When this software is complex, it will have a few dozen Python packages it depends on. For example, the above line prompts pip to collect ~20 dependent packages. Each of those packages will also have its own dependencies, so in the end I can end up with 100 or more python packages to install. That's okay, if the developers required those dependencies, nothing I can do about it.
However, occasionally this process breaks because some prerequisite Linux program, such as gcc
, was not installed before the call to pip
. On minimal distros with non-standard packages like Alpine, this gets even worse. I will get situations like:
- Request installing a single program (eg. airflow)
- Pip comes up a with a list of ~100 prerequisite python packages
- Downloads all of them
- Starts installing one by one
- Package 71/100 gives a compiler error and everything fails
Then I must go back, try to add some alpine packages that will take care of the compiler error, and try again (to see whether now package 74 will fail due to a different compiler error). However, each such trial takes a very long time, because the docker build
will re-download all the prerequisites and re-install the first ~70 packages that don't give errors.
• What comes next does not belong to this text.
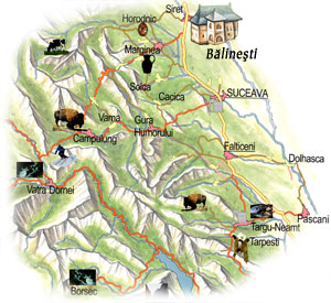 Va oferim o harta desenata cu amplasarea Bisericii Balinesti fata de orasul Siret si principalele obiective turistice ale judetului Suceava.
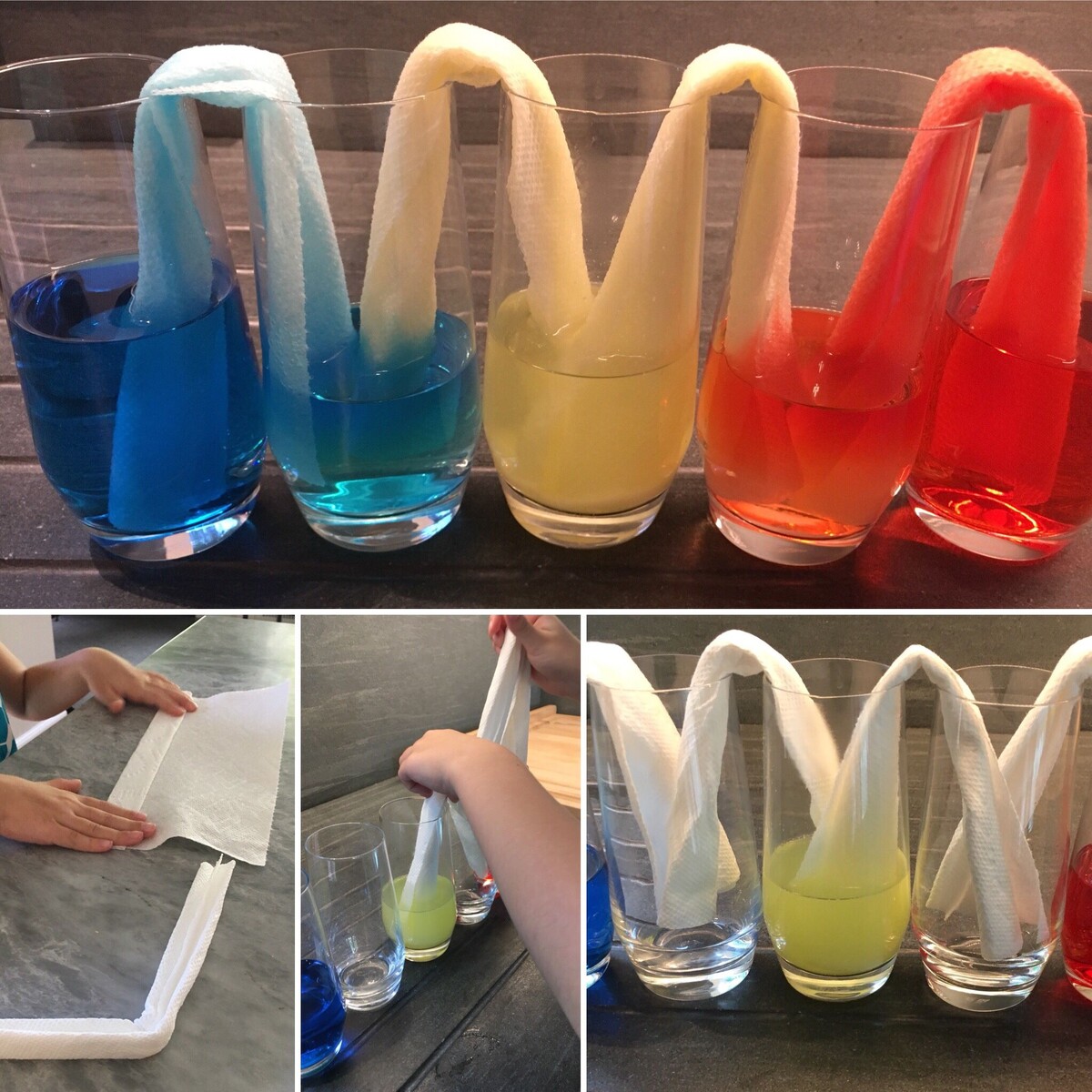Что, если с помощью обычных бумажных салфеток и силы сцепления между молекулами мы сможем заставить разноцветную воду подниматься против силы тяжести и создадим радужный мост между стаканами? Что нам понадобится?

The Docker build cache is also not used: Technically, this whole lengthy process is one command, so it creates only one cached image and only if it actually succeeds. Also, adding an RUN apk get
before the pip3 install
causes the whole thing to be built again from scratch anyhow.
Given that, for example, the problem is with package #71, it makes no sense to waste many minutes re-downloading all 100 packages and re-build the first 70 when I am troubleshooting my Dockerfile. How can I use the cache more effectively in such a situation?
My current "solution" is to manually go through the pip install
output, compile a list of all the dependencies it gets, and then transform those into individual RUN pip3 install PACKAGE_NAME
commands in my Dockerfile. This way each package install attempt is cached separately. However, this does not seem like a good use of Dockerfile syntax. Is there a better way?